▶ **Task to complete**:
An exact transcription of all the records below is required, without any images.

[Data for processing — start]

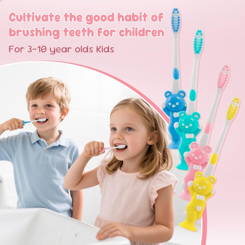 - Cute Bear Design: Featuring a cute bear design, the Individually Wrapped toothbrush is equipped with good silicone soft-grip handle. The rounded, non-slip design fits perfectly in children's small hands, making brushing enjoyable for babies while maintaining oral health.
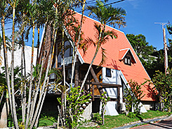 宿自慢ポイント パームツリーに囲まれたオレンジ屋根が南国リゾートを感じさせます。
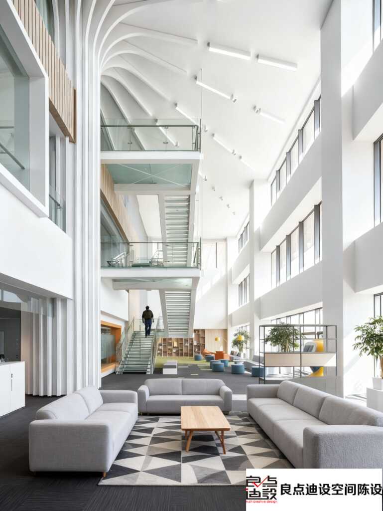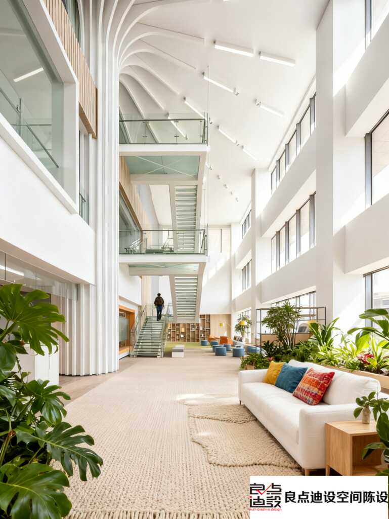 ?? 前臺(tái)區(qū):白色巖板臺(tái)+企業(yè)藍(lán)藝術(shù)墻,綠植墻嵌入燈帶
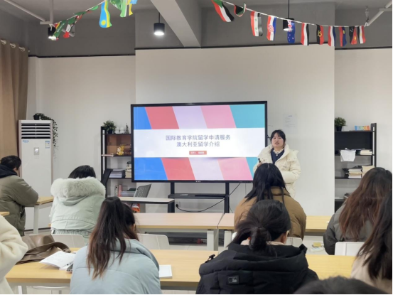 国际学院易颖湘和张梓杨老师采用图文结合的形式详细介绍了留学申请服务、研学项目、导师工作以及澳洲和英国留学具体内容。
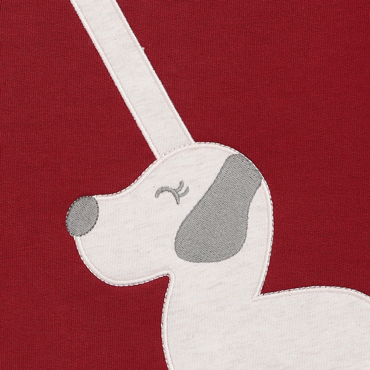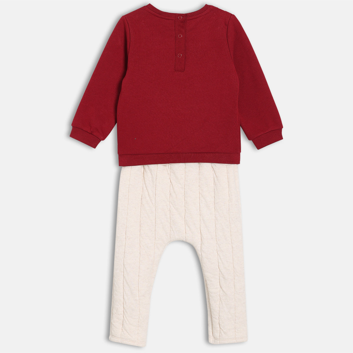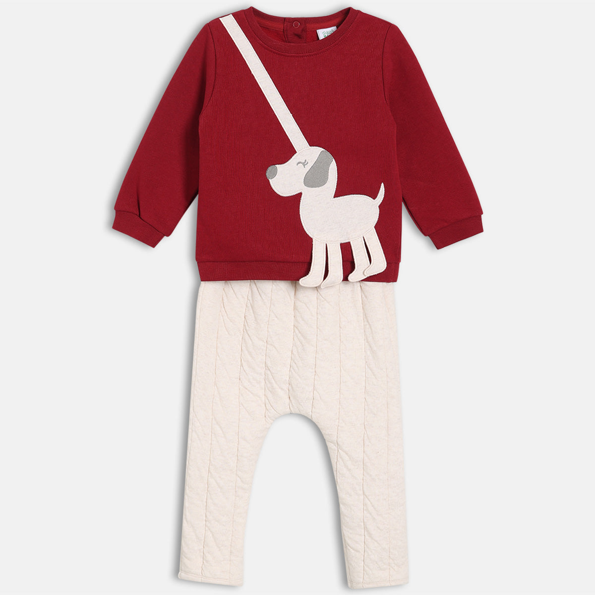 Dress your little one in playful comfort with this adorable two-piece set. The outfit includes a maroon full-sleeve top featuring a cute dog applique design that extends onto the cream quilted pants, creating a fun and coordinated look. Made from soft, breathable fabric, this set ensures warmth and ease of movement — perfect for playtime or casual outings.

[Data for processing — finish]

▶ **Task output**:
 - Cute Bear Design: Featuring a cute bear design, the Individually Wrapped toothbrush is equipped with good silicone soft-grip handle. The rounded, non-slip design fits perfectly in children's small hands, making brushing enjoyable for babies while maintaining oral health.
 宿自慢ポイント パームツリーに囲まれたオレンジ屋根が南国リゾートを感じさせます。
 ?? 前臺(tái)區(qū):白色巖板臺(tái)+企業(yè)藍(lán)藝術(shù)墻,綠植墻嵌入燈帶
 国际学院易颖湘和张梓杨老师采用图文结合的形式详细介绍了留学申请服务、研学项目、导师工作以及澳洲和英国留学具体内容。
 Dress your little one in playful comfort with this adorable two-piece set. The outfit includes a maroon full-sleeve top featuring a cute dog applique design that extends onto the cream quilted pants, creating a fun and coordinated look. Made from soft, breathable fabric, this set ensures warmth and ease of movement — perfect for playtime or casual outings.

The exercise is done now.